🤖 AI Summary
Existing 3D generation methods rely on high-dimensional geometric representations—such as voxels, signed distance functions (SDFs), or point clouds—which incur substantial computational and memory costs, making it challenging to simultaneously achieve high resolution and controllability. This work introduces the first diffusion-based approach operating directly in the compact parameter space of superquadrics, representing 3D shapes with only approximately 7 KB of parameters encoding pose, scale, and shape. By drastically reducing the state dimensionality, the method enables resolution-free point cloud decoding, part-level editing, and explicit geometric constraints. It achieves competitive surface fidelity and distribution quality on standard benchmarks, with per-shape generation times consistently under 0.6 seconds.
📝 Abstract
Diffusion models have advanced 3D shape generation, yet most methods still denoise in high-cardinality spaces (e.g., voxel/SDF grids, meshes, or point clouds), which is computationally and memory intensive and makes it difficult to scale in terms of both higher resolution and stronger controllability.
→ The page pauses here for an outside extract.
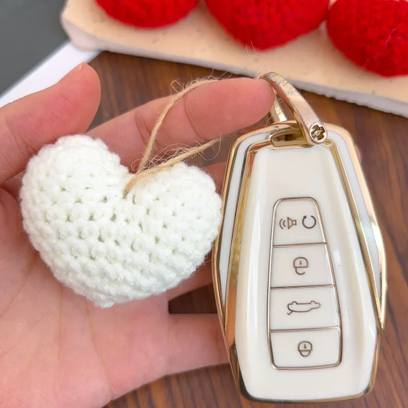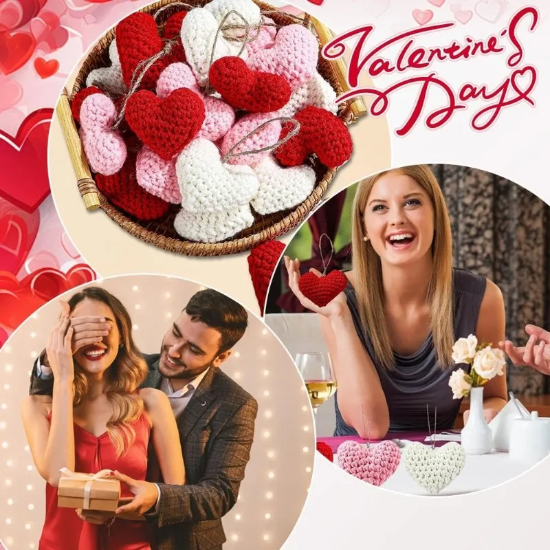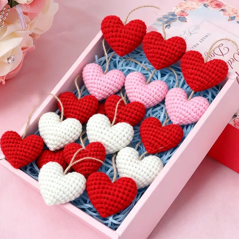 Handmade Crochet Heart Shaped Ornaments Valentine's Day Crochet Flower Bouquet DIY Clothing Shoes Socks Decorative Accessories
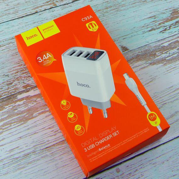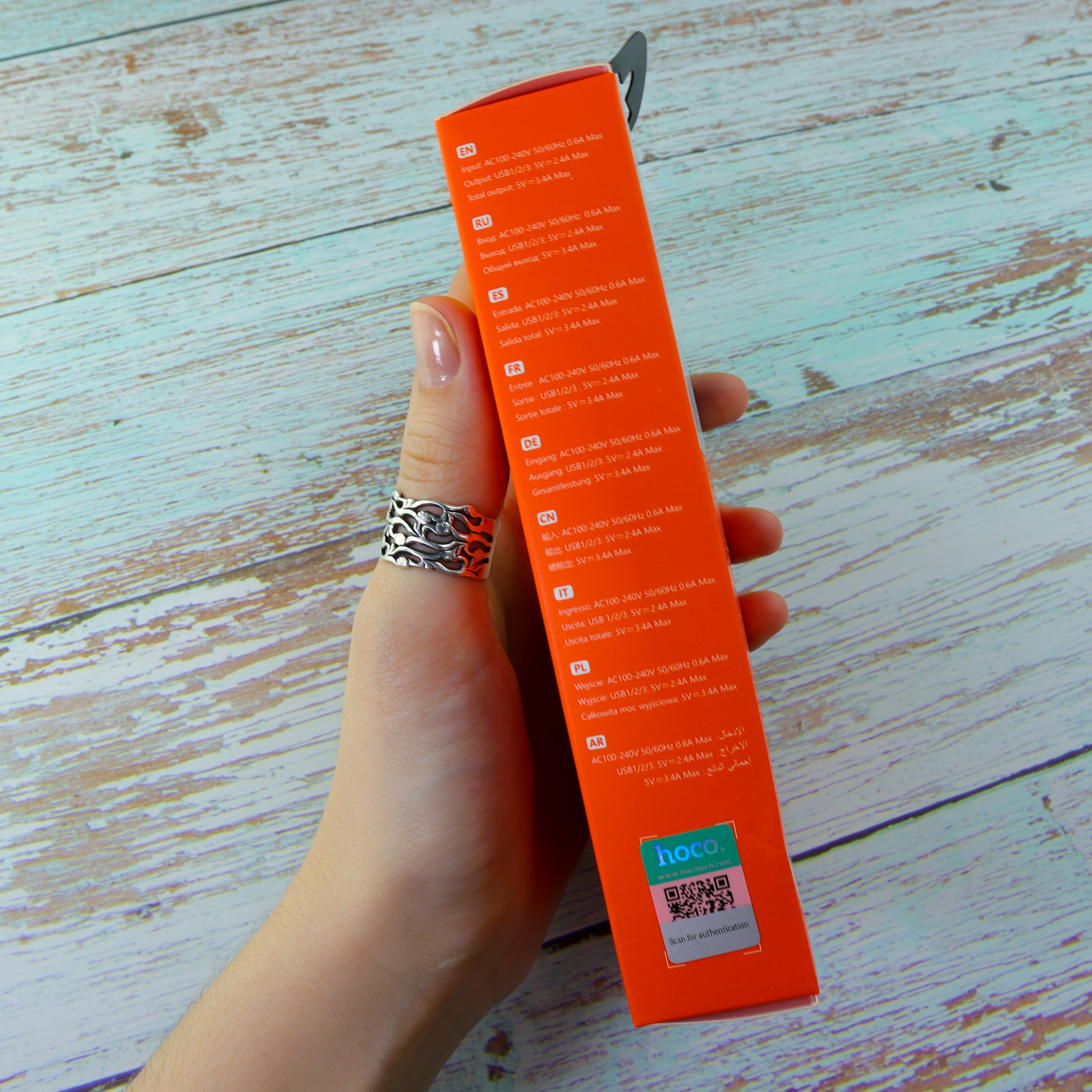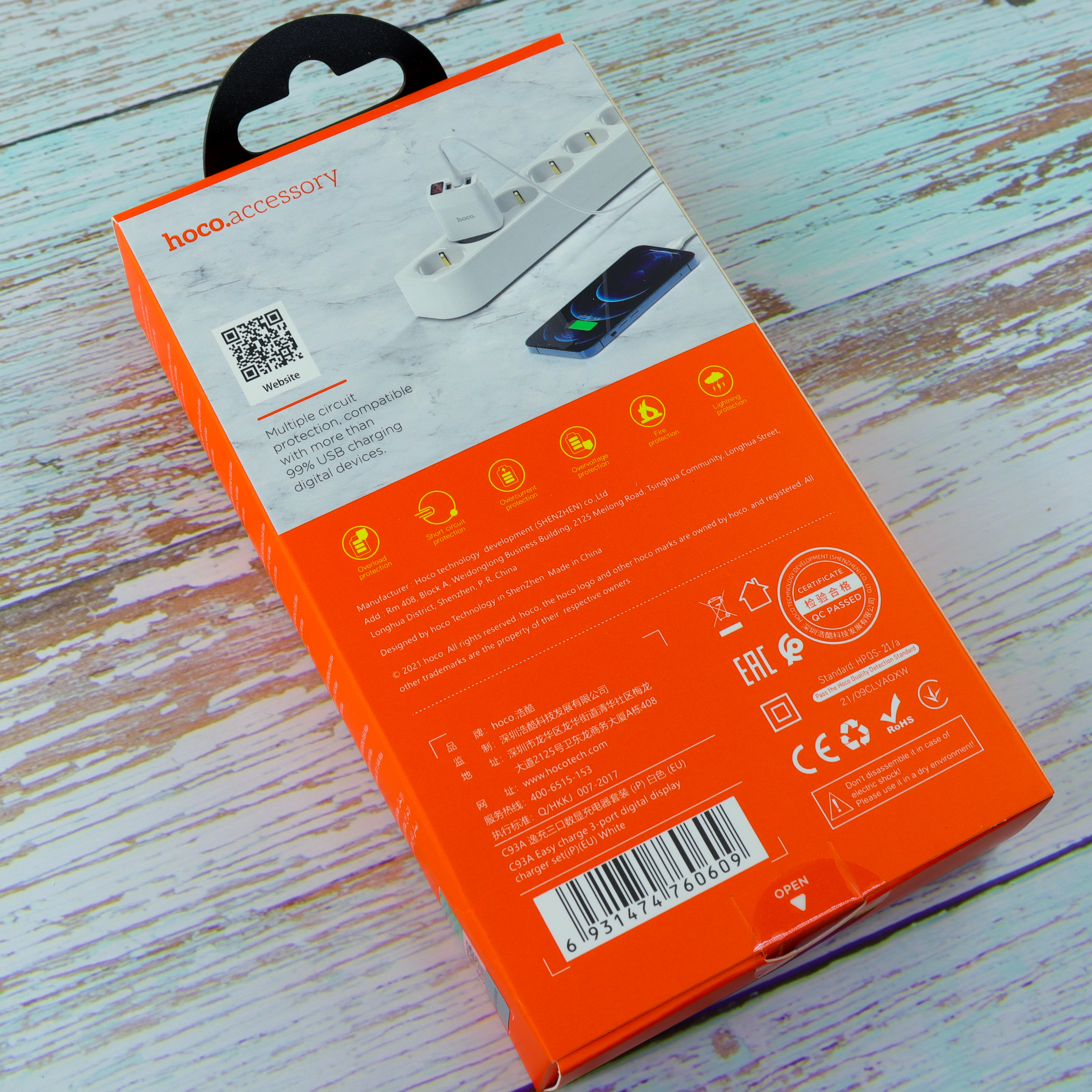 СЗУ HOCO C93A Easy charge 3-port+lightning, white

We rethink the diffusion representation and propose to move diffusion from dense geometry to compact geometric primitives, representing each shape as a small set of superquadrics. Instead of operating on thousands to millions of geometric representation values, we leverage 7KB superquadric parameters (pose, size, and shape), drastically reducing diffusion-state dimensionality and per-step compute/memory. Our diffusion-over-superquadrics improves scalability by supporting broader capabilities (e.g., resolution-free point-cloud decoding, part-level editing, and constraint-based design) and achieving competitive surface-fidelity and distributional performance on standard benchmarks after point-cloud decoding, while enabling efficient generation within 0.6s per shape for most conditions.